Upaya menjangkau titik api tidak mudah karena lokasinya berada sekitar 10 kilometer dari perkampungan penduduk. Selain itu, api cepat membesar karena di lokasi banyak ditumbuhi rumpun ilalang.
Bebatuan cadas di sekitar titik api juga menjadi hambatan tersendiri bagi upaya mendekati lahan. Vegetasi yang terbakar sebagian besar merupakan cemara gunung. Padahal, petak 193 dikenal sebagai populasi aneka jenis burung.
Berdasarkan laporan petugas lapangan, lokasi kebakaran sering dikunjungi peziarah. Di tempat itu umumnya peziarah melakukan ritual dan berdoa agar diberi kelapangan rezeki. Tak jarang selama melaksanakan ritual itu mereka membakar kayu untuk api unggun. Namun setelah urusannya selesai, peziarah itu tak memadamkan api unggunnya sampai tuntas.

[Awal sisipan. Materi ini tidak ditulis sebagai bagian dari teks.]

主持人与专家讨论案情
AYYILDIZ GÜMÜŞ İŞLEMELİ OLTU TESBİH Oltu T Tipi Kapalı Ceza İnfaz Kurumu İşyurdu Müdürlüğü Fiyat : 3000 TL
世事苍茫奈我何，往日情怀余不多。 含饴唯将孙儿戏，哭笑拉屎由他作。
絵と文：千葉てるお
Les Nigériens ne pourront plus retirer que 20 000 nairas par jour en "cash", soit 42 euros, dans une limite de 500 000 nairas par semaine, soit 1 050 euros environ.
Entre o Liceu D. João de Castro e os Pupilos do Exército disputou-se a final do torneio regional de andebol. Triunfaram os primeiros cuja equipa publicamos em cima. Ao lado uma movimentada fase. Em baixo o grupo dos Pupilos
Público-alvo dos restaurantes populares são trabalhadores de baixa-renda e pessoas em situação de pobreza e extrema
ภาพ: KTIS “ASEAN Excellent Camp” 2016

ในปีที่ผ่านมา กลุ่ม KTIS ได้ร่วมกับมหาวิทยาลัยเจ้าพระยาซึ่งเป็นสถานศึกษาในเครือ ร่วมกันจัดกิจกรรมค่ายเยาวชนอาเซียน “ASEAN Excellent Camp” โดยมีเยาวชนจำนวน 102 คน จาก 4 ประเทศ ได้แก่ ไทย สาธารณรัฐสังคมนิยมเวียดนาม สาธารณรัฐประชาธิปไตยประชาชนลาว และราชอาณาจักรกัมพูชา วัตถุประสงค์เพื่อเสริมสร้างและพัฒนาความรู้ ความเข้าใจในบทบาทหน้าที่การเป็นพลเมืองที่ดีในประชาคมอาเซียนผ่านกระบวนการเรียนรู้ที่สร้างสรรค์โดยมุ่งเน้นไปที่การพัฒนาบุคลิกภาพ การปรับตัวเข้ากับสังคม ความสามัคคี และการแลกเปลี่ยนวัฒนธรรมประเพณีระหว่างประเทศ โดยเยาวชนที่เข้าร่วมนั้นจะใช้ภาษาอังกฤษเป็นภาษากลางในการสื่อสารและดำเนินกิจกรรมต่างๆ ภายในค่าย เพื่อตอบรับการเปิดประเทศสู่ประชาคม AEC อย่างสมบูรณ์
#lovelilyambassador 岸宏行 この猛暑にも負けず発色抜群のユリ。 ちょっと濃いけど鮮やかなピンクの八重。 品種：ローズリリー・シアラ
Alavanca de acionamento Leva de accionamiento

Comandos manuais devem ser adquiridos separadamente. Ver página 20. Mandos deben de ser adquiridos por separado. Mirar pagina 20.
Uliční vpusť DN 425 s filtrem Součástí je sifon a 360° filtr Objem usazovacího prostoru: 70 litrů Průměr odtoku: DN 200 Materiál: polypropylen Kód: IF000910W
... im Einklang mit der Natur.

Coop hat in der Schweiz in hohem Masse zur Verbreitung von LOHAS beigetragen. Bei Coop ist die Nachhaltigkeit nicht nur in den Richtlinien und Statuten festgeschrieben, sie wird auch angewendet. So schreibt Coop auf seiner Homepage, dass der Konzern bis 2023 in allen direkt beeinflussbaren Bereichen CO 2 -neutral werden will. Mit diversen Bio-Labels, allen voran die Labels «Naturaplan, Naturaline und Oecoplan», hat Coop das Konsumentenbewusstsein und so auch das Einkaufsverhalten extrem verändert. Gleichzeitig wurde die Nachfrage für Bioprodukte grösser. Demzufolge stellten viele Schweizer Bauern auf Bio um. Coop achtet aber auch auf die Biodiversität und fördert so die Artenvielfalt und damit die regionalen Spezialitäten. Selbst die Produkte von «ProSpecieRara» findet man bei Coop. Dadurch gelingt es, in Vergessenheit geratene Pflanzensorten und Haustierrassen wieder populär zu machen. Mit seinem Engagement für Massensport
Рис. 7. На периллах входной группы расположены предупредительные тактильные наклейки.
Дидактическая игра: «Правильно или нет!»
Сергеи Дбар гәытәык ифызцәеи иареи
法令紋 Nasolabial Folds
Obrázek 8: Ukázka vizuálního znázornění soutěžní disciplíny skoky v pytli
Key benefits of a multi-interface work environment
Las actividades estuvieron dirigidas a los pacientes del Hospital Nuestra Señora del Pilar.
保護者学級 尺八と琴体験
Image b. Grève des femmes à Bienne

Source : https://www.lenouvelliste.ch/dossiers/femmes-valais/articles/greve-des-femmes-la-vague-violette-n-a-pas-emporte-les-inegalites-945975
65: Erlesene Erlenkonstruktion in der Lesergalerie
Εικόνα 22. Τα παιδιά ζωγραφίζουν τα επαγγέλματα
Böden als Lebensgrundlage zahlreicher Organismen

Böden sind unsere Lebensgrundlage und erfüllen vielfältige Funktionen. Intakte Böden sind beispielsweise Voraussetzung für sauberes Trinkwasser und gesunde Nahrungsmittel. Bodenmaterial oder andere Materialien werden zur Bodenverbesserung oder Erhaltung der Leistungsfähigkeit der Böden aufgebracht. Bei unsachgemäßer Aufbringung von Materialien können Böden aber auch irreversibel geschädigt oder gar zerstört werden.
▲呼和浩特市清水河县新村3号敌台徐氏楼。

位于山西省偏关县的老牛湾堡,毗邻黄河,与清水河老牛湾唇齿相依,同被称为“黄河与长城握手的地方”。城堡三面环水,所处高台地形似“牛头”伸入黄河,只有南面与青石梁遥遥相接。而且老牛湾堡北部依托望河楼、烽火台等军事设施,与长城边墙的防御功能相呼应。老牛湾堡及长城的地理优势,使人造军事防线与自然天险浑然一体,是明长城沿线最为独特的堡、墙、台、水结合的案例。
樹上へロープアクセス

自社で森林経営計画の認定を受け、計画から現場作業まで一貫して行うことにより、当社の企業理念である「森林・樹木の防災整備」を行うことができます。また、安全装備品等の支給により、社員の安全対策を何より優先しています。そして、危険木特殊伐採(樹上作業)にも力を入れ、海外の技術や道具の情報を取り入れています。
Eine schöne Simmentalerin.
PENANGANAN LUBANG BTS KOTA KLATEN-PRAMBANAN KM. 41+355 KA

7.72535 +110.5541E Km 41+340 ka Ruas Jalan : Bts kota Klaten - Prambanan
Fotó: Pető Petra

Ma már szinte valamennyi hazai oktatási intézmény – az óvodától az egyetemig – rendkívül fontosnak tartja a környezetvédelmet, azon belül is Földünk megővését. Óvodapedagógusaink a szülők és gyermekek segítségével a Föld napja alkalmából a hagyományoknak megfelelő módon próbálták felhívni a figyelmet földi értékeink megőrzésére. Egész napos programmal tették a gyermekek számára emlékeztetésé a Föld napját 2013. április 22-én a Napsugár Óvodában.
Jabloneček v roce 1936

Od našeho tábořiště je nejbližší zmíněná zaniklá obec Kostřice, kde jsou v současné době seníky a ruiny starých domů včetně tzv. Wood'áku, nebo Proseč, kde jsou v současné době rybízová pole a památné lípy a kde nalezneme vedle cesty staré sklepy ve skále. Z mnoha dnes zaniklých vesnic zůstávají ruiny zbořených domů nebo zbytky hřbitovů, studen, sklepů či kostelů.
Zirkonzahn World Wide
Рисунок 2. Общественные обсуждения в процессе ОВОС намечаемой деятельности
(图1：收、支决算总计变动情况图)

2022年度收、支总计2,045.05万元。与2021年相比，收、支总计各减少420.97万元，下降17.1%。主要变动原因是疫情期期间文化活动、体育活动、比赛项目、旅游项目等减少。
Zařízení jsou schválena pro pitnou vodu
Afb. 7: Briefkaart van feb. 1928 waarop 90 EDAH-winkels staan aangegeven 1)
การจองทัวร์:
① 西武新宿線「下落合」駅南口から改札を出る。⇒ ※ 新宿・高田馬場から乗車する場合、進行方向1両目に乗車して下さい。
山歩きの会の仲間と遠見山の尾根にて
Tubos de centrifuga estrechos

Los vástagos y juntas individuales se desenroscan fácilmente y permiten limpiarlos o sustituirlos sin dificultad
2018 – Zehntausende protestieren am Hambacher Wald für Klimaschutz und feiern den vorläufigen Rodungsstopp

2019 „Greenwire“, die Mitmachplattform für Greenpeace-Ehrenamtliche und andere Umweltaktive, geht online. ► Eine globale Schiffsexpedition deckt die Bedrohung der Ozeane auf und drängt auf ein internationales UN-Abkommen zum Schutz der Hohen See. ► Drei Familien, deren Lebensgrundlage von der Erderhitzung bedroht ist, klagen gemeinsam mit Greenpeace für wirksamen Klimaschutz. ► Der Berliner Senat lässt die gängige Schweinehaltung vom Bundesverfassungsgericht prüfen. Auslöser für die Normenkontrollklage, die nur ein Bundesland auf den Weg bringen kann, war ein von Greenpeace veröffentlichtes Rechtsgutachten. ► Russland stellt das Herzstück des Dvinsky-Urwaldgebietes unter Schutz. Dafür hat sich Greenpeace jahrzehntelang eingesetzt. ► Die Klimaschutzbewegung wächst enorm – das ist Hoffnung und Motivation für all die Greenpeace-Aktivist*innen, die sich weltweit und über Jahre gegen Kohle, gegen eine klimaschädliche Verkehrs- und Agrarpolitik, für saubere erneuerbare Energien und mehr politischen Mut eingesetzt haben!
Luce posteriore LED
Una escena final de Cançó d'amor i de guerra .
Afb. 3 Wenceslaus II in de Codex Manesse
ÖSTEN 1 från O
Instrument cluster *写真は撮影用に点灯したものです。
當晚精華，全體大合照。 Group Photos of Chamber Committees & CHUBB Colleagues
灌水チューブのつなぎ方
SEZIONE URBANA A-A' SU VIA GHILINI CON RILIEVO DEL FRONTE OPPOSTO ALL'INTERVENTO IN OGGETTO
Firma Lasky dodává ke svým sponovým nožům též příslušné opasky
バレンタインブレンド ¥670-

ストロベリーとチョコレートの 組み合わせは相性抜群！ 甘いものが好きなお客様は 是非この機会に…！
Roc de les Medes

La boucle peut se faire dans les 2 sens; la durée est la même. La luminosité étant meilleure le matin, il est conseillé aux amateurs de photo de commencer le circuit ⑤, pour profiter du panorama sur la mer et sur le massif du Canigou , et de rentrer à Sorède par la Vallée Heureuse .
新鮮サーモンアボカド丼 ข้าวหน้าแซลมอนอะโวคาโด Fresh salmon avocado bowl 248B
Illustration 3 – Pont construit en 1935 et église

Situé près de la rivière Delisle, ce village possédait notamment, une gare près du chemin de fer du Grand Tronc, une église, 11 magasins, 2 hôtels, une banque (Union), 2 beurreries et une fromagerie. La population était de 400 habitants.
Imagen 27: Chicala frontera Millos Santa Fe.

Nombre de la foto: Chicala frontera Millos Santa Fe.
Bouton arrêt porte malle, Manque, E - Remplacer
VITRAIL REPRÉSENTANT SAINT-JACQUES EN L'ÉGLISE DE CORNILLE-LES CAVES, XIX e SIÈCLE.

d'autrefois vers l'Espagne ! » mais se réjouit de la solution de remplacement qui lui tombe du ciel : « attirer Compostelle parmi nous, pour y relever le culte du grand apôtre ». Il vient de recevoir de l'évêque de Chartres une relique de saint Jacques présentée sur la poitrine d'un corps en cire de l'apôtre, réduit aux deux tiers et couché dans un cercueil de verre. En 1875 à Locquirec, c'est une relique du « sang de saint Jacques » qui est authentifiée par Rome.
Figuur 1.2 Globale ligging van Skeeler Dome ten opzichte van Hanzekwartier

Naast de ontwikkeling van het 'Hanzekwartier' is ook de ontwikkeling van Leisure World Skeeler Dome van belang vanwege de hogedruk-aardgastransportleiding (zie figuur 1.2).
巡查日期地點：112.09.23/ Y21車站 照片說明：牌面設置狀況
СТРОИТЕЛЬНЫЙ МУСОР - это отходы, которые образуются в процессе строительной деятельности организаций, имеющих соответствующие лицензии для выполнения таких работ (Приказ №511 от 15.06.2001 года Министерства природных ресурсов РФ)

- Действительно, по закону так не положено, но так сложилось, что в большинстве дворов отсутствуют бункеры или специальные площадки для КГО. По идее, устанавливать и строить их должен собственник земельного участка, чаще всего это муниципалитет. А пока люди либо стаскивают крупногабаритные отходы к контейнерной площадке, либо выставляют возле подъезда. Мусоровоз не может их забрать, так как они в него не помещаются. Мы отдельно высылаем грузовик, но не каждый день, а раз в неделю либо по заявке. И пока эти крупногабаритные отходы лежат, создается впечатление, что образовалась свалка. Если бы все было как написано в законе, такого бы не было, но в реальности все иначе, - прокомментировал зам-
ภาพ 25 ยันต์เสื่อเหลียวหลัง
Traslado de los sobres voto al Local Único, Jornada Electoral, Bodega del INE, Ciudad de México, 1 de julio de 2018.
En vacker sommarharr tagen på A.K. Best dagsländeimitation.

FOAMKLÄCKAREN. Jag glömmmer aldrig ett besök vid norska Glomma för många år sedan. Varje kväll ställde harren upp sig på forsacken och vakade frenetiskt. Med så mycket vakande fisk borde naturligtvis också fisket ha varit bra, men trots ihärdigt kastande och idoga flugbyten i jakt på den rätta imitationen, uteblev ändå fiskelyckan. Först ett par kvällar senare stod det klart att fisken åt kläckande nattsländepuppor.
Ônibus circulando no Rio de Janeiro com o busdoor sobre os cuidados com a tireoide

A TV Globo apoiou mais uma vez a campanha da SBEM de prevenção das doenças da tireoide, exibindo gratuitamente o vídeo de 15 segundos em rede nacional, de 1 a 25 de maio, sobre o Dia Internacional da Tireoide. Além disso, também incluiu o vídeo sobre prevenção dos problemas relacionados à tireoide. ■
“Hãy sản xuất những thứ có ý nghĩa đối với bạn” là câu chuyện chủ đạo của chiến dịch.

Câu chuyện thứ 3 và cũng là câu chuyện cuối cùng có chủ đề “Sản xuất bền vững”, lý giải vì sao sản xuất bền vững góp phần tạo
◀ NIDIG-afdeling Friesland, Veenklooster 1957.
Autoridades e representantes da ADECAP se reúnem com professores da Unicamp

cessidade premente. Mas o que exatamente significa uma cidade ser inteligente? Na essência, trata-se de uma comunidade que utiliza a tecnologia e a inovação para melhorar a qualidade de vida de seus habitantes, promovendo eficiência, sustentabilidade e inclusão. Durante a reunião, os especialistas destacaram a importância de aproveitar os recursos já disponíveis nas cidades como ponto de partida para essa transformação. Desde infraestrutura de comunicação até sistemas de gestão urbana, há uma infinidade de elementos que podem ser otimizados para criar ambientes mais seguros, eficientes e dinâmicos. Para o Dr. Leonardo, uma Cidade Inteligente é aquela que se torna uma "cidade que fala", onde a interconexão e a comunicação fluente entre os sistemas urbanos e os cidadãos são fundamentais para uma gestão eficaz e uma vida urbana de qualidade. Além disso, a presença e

"Api yang membesar karena membakar vegetasi sulit dijinakkan," kata Dadan. Menurut dia, pada kasus kebakaran hutan di titik yang sama empat tahun lalu dibutuhkan waktu selama sepekan untuk menjinakkan amukan si jago merah. Saat itu total hutan yang terbakar mencapai 100 hektare.